Anna looked down and then over at a tree. “I haven’t shown it to anyone.”

“Well, it’s up to you. I’m sure Gauguin would like to hear it, too. How long have you been working on it?” I asked.

“A year and a half.”

I left Anna, and on the way to Talpa, I stopped in Safeway and bought jack cheese, corn tortillas, sour cream, green chiles. When I got home, the coolness of the adobe rose up to greet me. The house was dark with small thick windows. Gauguin and I had stapled up screening to the outside frames so the windows could be opened. I looked around our small kitchen.
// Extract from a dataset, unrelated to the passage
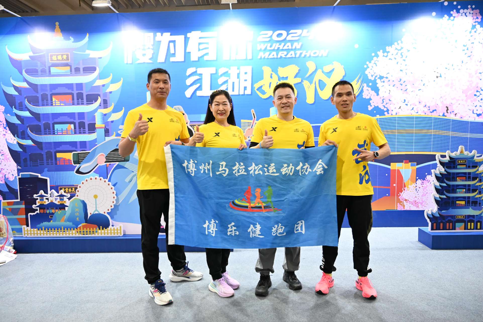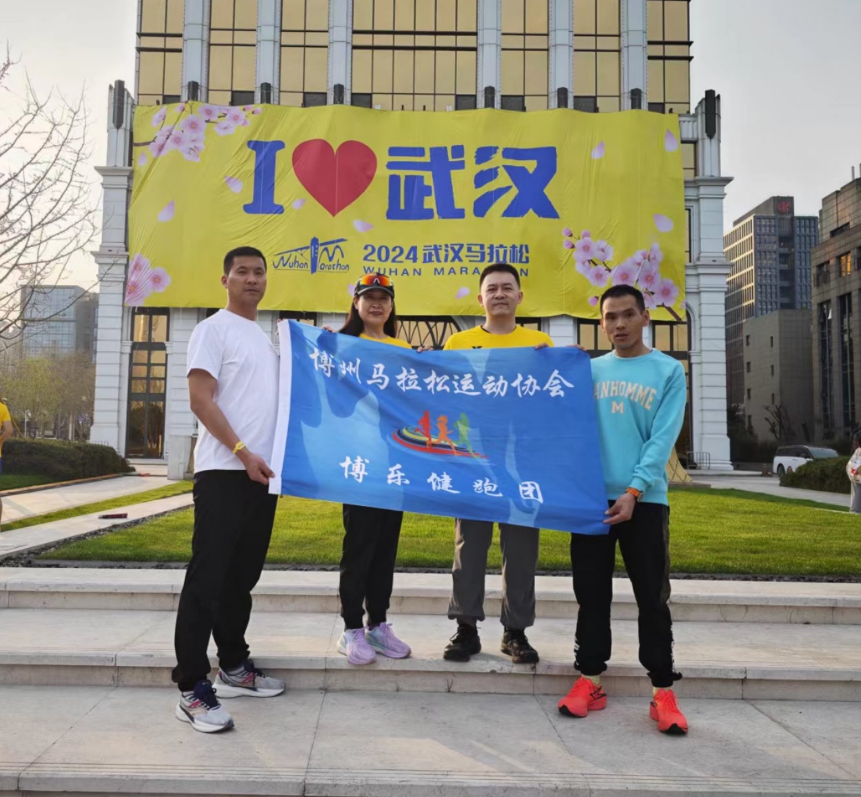 新疆博乐健跑团姜林、朱香玲、胡慧忠、潘岩达到武汉后合影。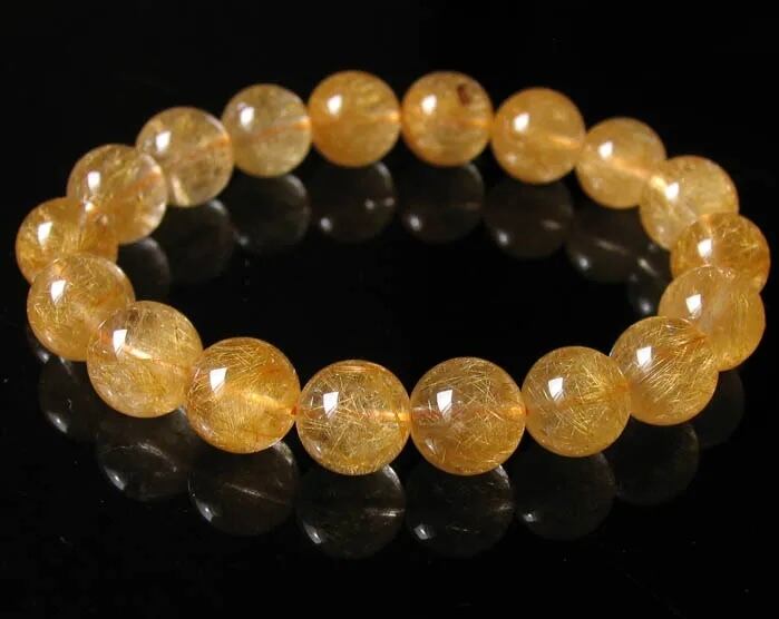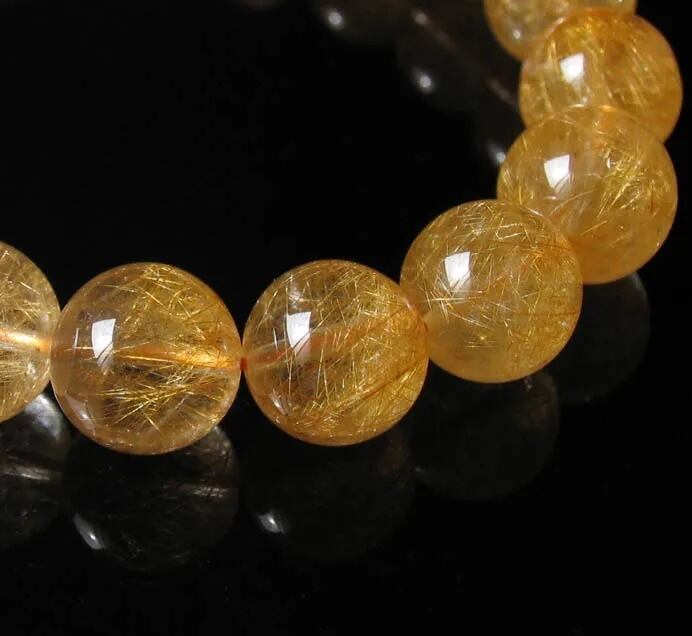 ゴールドルチル水晶ブレスレット12mm特価奉仕品☆F027

I put the brown bag from Safeway on the table and went into the bedroom and lay on the bed. We had a flower-patterned blue and white rug to cover the hard, unfinished adobe floor. I wasn’t tired. I just wanted to lie down. I liked Anna, especially her eyes, even if they were cockeyed.

Gauguin was whistling outside. He passed by the bedroom window. “Gauguin,” I called when he entered the kitchen. “Where were you?”

“Out practicing.”

“Gauguin, I met a writer today. I asked her for dinner tomorrow night.”

He stuck his head in the bedroom and smiled. “Is that why you left the groceries on the kitchen table?”

8

A
NNA CAME FOR DINNER
at the time of rose sunset. She entered the house through that soft light and sat down at the kitchen table. I served enchiladas with sour cream and chopped green onions spooned on top after the tortillas, onions, chiles, and cheese had bubbled together in the oven. They were my specialty. I wanted to make a good impression on Anna.

She picked at them and asked for a beer. We didn’t have any beer in the house. Gauguin and Anna seemed to like each other, but it was clear that she was going to be my friend. Gauguin excused himself after dinner and went in the back room to practice. We could hear him chopping out a song on his guitar, the instrument he used whenever he tried out something new. Ping. Ping. Long pause. Ping. Ping. Ping. Short pause. A full strum. After a while we didn’t hear him, though he continued to play.